EXERCISE DATA:
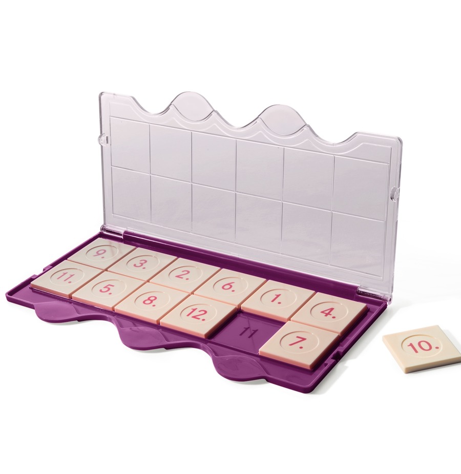 miniLÜK-Lösungsgerät mit Klarsichtdeckel und 12 Aufgabenplättchen: Kasten 25 x 13 cm, Aufgabenplättchen 4 x 4 cm.
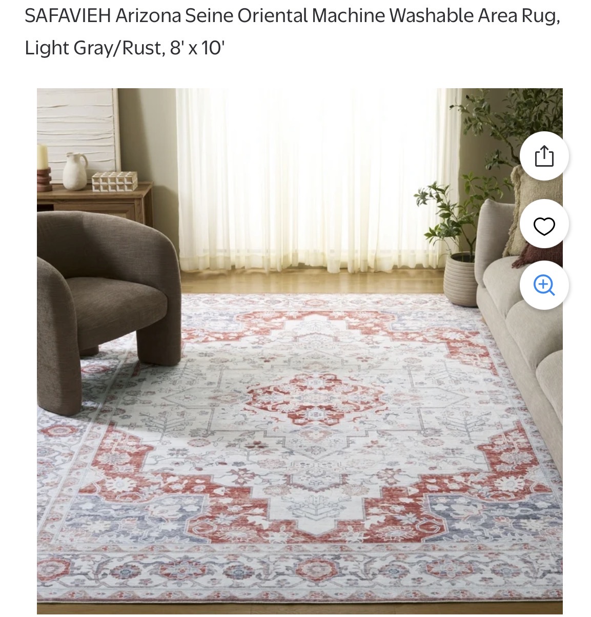 SAFAVIEH Arizona Seine Oriental Machine Washable Area Rug, Light Gray/Rust, 8' x 10 #F229
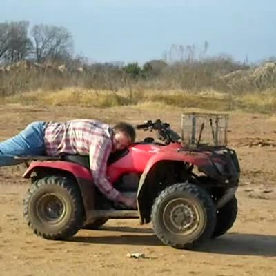 Young man jumps onto an ATV from behind and misses the seat. He hurts his groin.

REQUIRED ACTION: Could you set down word for word each line from the one holding "SAFAVIEH Arizona Seine" through the end of the material above, without any pictures?

RESPONSE TO THE TASK:
 SAFAVIEH Arizona Seine Oriental Machine Washable Area Rug, Light Gray/Rust, 8' x 10 #F229
 Young man jumps onto an ATV from behind and misses the seat. He hurts his groin.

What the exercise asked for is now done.